National holiday of Ethiopia on 2 March

Adwa Victory Day (የዐድዋ ድል ቀን) is a national holiday in Ethiopia that commemorates Ethiopia's victory against Italian forces at the Battle of Adwa on 1 March 1896. Adwa Victory Day celebrations involve parades, dramatic and artistic performances reflecting Ethiopian culture.
Adwa Victory Day is strongly associated with Pan-Africanism and the aspirations of black people.

==Celebration==
Celebration involves parades in many places and cultural reflection wherever people gathered. Artistic and dramatic performances are also presented, such as kererto, shilela and fukera. All schools, banks, post offices and government offices are closed, with the exception of health facilities. Some taxi and public transportation services choose not to operate on this day, and shops are normally open but most close earlier than usual. In the capital Addis Ababa, government officials, patriots, foreign diplomats and the public gather at Menelik Square while the Ethiopian Police Orchestra play patriotic songs.

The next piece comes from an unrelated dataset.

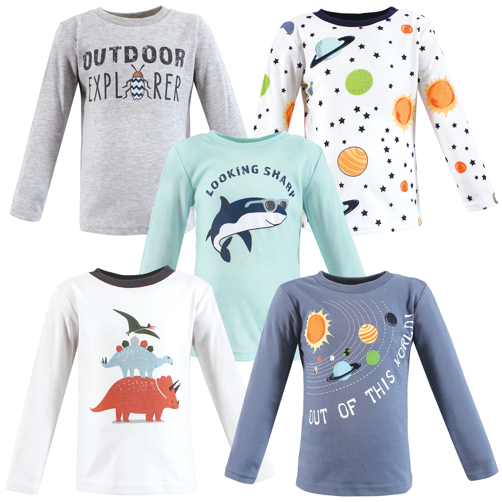Hudson Baby t-shirts are great everyday tops for your little ones. Featuring fun prints and patterns, our t-shirts are made with comfortable, soft cotton poly fabric that feels wonderful on children's skin. Our sets include five t-shirts so you can mix and match with your child's wardrobe for fun everyday outfits.
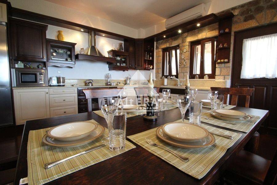 Villa of 180 sq.m. for sale in Aegina in Sfentouri. It has an open space where it can sleep 4 people. It has a living-dining room, kitchen, 2 bathrooms and 2 kitchens. It has a garden and sea view and is located in a 2-acre plot. It has 4 open parking spaces, a barbecue, a very beautiful chapel and a swimming pool. It is fully equipped. It has autonomous heating, oil and a boiler for hot water. The frames are aluminum. €1,000,000

Male performers often wear jodhpurs and various types of vest; they carry the Ethiopian flag and various patriotic banners and placards, as well as traditional Ethiopian shields and swords called shotel. Female performers wear traditional dress called habesha kemis and some wear black gowns over all, while other place royal crowns on their heads to represent Empress Taytu. The celebration takes place not only in Addis Ababa, but also other cities such as Bahir Dar, Debre Markos and Adwa itself. Patriotic music plays a part as well, for example Gigi's ballad dedicated to the Battle of Adwa and Teddy Afro's "Tikur Sew" are frequently played during the celebration.

==Controversies==
The commemoration has occasionally been marked by social and political tensions. Critics have raised concerns about the way the event is organized, the symbols it celebrates, and its role in the broader politics of national identity.
Human rights organizations, including the Ethiopian Human Rights Commission, have reported incidents of excessive force by security personnel during Adwa Day gatherings in Addis Ababa. Most notably, during the 2023 celebration, a clash erupted between security forces and the people involving the dispersion of tear gas; police obstructed the road leading to both squares. In St. George's Cathedral, police fired tear gas to congregants and clergies while conducting an annual feast of Saint George. One person named Mekuanent Wodaj died and many injured by stampede. Prime Minister Abiy Ahmed blamed "unspecified entities for things that gone wrong during Adwa Victory Celebration in Addis Ababa."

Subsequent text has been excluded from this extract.